We propose tools to evaluate the presence of datasets using the following definitions: a dataset is \textbf{cited} if its paper is present in the reference section, \textbf{mentioned} if its name, aliases or URL are in the abstract or in a section of the paper associated with the method or results (i.e., not in a related work or discussion sections), in a table or figure captions or in a footnote, showing an actual \textbf{usage}.
We show our pipeline in \figureref{fig:flowchart}. There are four main components: user input about the list of venues and datasets to track, the open citation index tool OpenAlex~\cite{priem2022openalex}, the full texts of the papers and GROBID, a tool to extract information from scholarly documents. We used OpenAlex because it has an official freely accessible API aggregating and standardizing information from multiple sources such as arXiv, Crossref and Pubmed, and we aimed to create a generalizable process that could be complemented with other tools. We compared it with OpenCitations to evaluate their completeness using the citations returned for a set of cardiac segmentation datasets. We found that 97\% of the citations returned by OpenCitations were also returned by OpenAlex while only 84\% returned by OpenAlex were returned by OpenCitations; thus we chose OpenAlex for our pipeline.

\begin{figure}[H]
\floatconts
  {fig:flowchart}
  {\caption{Pipeline to detect dataset presence and usage. Green CSV represents user input, blue CSV represents extracted data}}
  {\includegraphics[width=0.60\columnwidth,keepaspectratio]{images/flowchart_logo.png}}
\end{figure}

First, we ask the user to specify the list of venues and datasets to track. This includes a dataset name, any aliases referring to the same datasets, and the titles and DOIs of papers associated with these datasets.  
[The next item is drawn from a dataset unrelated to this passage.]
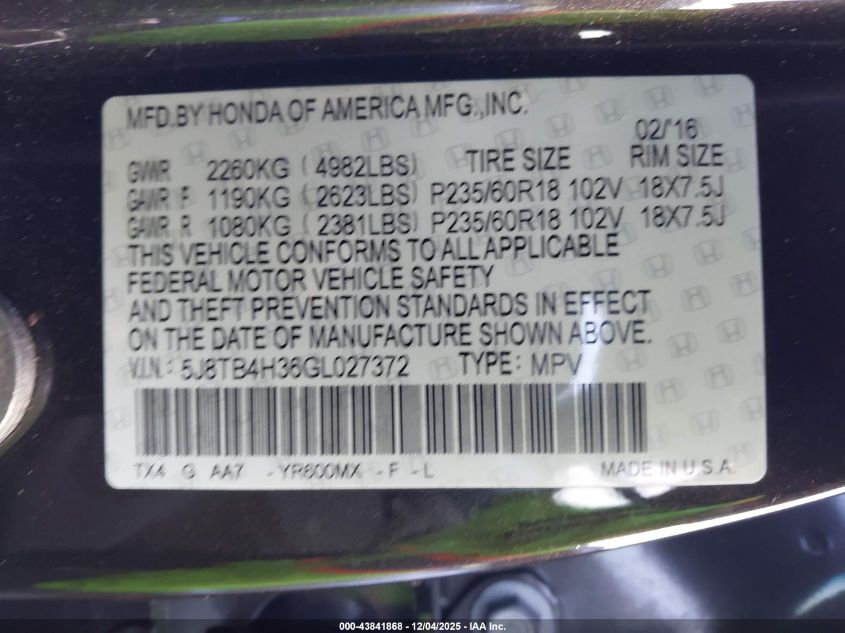 2016 ACURA RDX 2016 року Бензин, 3.5, Полный привод, vin - 5J8TB4H36GL027372 из США

We use the venue list to fetch the list of papers from these venues using the DBLP API and store the papers' titles and DOIs. We then use the paper DOI (or title if the DOI is not available) to query the OpenAlex API to get the following: (i) list of 
referenced papers, (ii) list of words in the abstract, and (iii) open access link to the paper's full text, an example of data from OpenAlex is shown in Appendix~\ref{appendix:OA_exemples}. We then try to fetch the paper's full text. If this step fails, we complement this step with a custom scraping tool. This step can be easily replaced for different venues, as long as the paper PDFs are stored in the same folder, In this step some data cleanup may be necessary to remove duplicates created from the combination of PDF extracted with OpenAlex and with the scraping tool. We then convert the PDF to an XML file using GROBID, a library applying a cascade of machine learning models that first segment the document in different structures like header, full text or reference and then specific models tuned for each type of structure to extract content. This allows to detect different paper sections, while keeping information about figures, tables and footnotes, which were lacking in alternative tools such as PyPDF, an example of the data obtained with GROBID is shown in Appendix~\ref{appendix:GROBID_exemples}.

We use the dataset list to detect their citations and mentions. We detect citations in two ways: based on the dataset's DOI converted to an OpenAlex ID, and based on matching the dataset paper titles to the references sections of the full text. We detect dataset mentions by searching for the dataset's name, aliases or URL in certain fields of the full text. Examples of different types of citations and mentions can be seen in Appendix~\ref{appendix:dataset_presence}.

Finally, we assign each dataset presence to one of the following types: only cited, only mentioned, and both cited and mentioned.